# RECORDS FOR THE EXERCISE
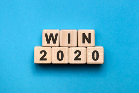 WIN 2020 - text on wooden cubes, a blue background
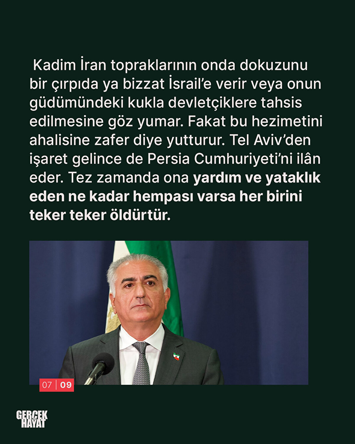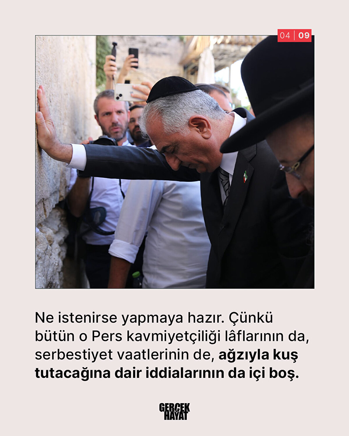 Ne istenirse yapmaya hazır. Çünkü bütün o Pers kavmiyetçiliği lâflarının da, serbestiyet vaatlerinin de, ağzıyla kuş tutacağına dair iddialarının da içi boş.
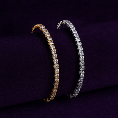 Unsere Schmuckstücke bestehen aus hochwertigem Edelstahl, veredelt mit 18K Vergoldung oder Rhodium-Finish, sowie funkelnden Zirkonia-Steinen in 3A-Qualität.
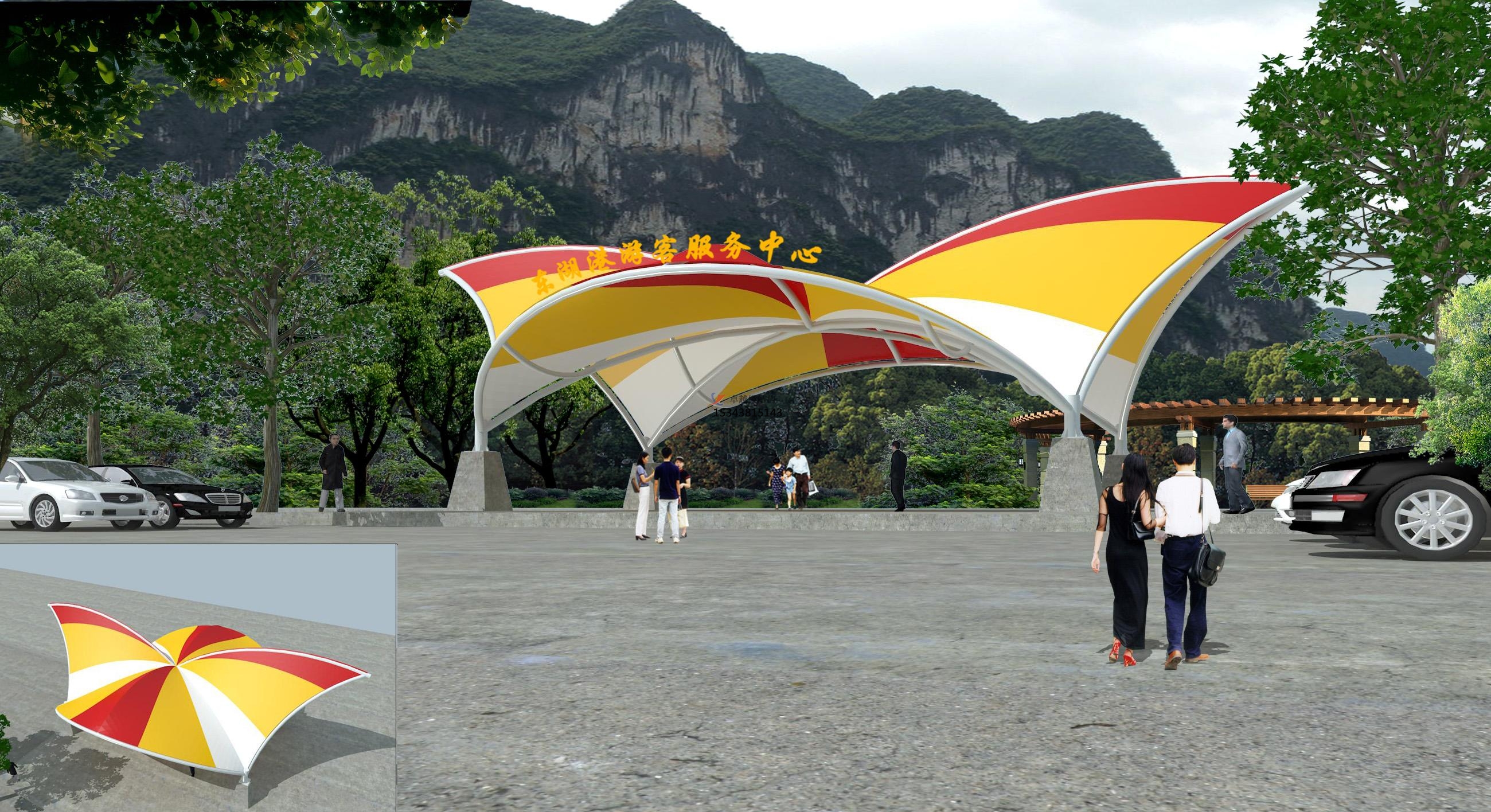 (2)藝術(shù)性。景觀膜結(jié)構(gòu)遮陽棚突破了傳統(tǒng)的建筑結(jié)構(gòu)類型,以造型學(xué)、色彩學(xué)為依托,可結(jié)合自然條件,充分發(fā)揮建筑師的想象力,根據(jù)創(chuàng)意建造出傳統(tǒng)建筑難以實(shí)現(xiàn)的曲線及各種造型,且色彩豐富,富有時(shí)代氣息,體現(xiàn)結(jié)構(gòu)構(gòu)件受力之美。配合燈光易形成夜景,給人以現(xiàn)代美的享受。
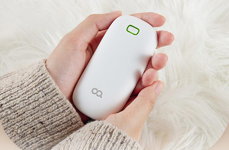 Ah 용량의 배터리를 탑재한 미니 사이즈의 스마트 손 난로다. 본 제품의 무게는 114g으로, 가벼운 무게에 더해 손에 딱 맞는 콤팩트한 사이즈로 휴대가 간편하 다. 제품의 4면은 부드럽게 곡선으로 마감돼 안정적 인 그립감을 제공한다. 다양한 형태로 사용할 수 있도 록 제품 상단에는 튼튼하게 고정돼 있는 스트랩을 적 용했다. 본 제품의 공식몰 판매가는 19,800원이다.
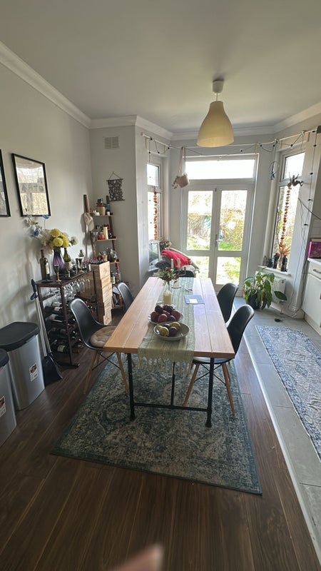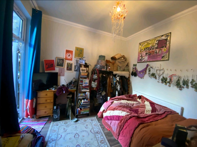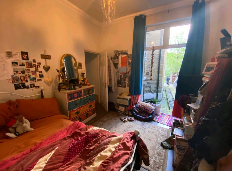 Lovely double room in a house of girlies. You’d be sharing with 4 other women aged between 26 and 34. The room has double doors which give access to the garden, but still around the corner making it private.
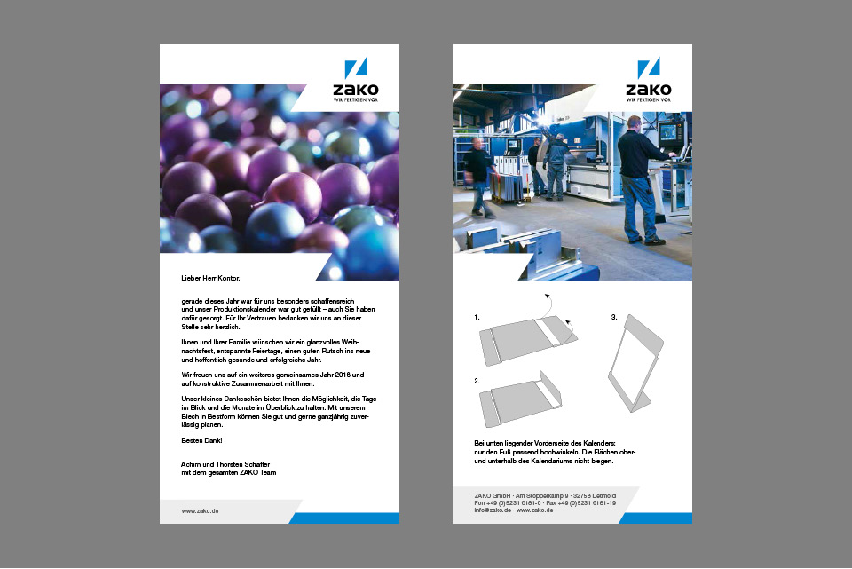Ein Mailing kommt selten allein. Die Kunden von ZAKO erhielten auch noch rechtzeitig vor dem Jahreswechsel ein kleines Präsent, das für zwei Jahre die Aufmerksamkeit erreichen soll.
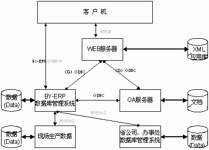 在分布式數據庫支撐下,利用集成平臺(商品化的原型系統,面向對象的開發工具,Web技術,JAVA開發語言),OA群件(LOTS/Domino),API(應用程序接口)等建立ERP系統和OA系統。
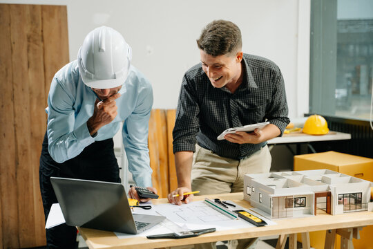Collaborating colleagues reviewing laptop screen with sticky notes and prototype sketches
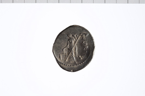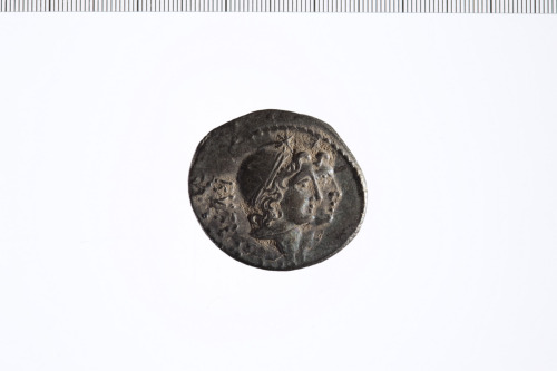 Teste dei Dioscuri a d. con i pilei sormontati da due stelle e decorati con due nastri. Bordo perlinato.

# TASK DIRECTIONS
The answer is the lines above from the one with "Ein Mailing kommt" to the one with "在分布式數據庫支撐下,利用集", set down exactly, with no pictures.

# OUTPUT FOR THIS EXERCISE
Ein Mailing kommt selten allein. Die Kunden von ZAKO erhielten auch noch rechtzeitig vor dem Jahreswechsel ein kleines Präsent, das für zwei Jahre die Aufmerksamkeit erreichen soll.
 在分布式數據庫支撐下,利用集成平臺(商品化的原型系統,面向對象的開發工具,Web技術,JAVA開發語言),OA群件(LOTS/Domino),API(應用程序接口)等建立ERP系統和OA系統。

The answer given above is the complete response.